After the "Thalidomide Incident" in the 1960s, regulatory authorities in many countries established voluntary reporting systems for adverse drug reactions to collect adverse drug reactions. This system is based on doctors reporting suspected adverse drug reactions observed in their practice.
The advantage is that adverse reaction reports can be obtained immediately after a new drug is put on the market, and it can cover all drug users without time limit. In some countries, in addition to doctors, health care personnel and patients can also report adverse drug reactions. The voluntary reporting system can identify common adverse reactions, as well as unidentifiable and rare adverse reactions in pre-marketing clinical trials.
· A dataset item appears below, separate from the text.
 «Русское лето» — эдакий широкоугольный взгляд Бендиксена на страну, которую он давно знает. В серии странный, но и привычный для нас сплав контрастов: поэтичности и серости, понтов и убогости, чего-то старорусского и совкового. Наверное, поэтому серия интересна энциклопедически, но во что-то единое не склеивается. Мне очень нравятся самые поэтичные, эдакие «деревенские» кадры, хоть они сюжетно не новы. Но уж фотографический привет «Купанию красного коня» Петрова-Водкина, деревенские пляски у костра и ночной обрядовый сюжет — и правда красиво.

Compared with post-marketing studies such as cohort experiments, it is the most economical method to collect adverse drug reactions. Therefore, the voluntary adverse drug reaction reporting system is the cornerstone of drug safety monitoring. The voluntary reporting system is a post-marketing monitoring method currently widely used by various countries. The advantage is that adverse drug reactions, whether common or rare, can be monitored regardless of whether they are old or new, how long they have been on the market. Its biggest advantages are low cost, wide coverage, and easy acceptance by management departments.
However, it also has its shortcomings, such as low reporting rate, high underreporting rate, high arbitrariness, more adverse reactions reported for new drugs and fewer old drugs, difficulty in determining causality, and inability to calculate the incidence of adverse reactions, etc.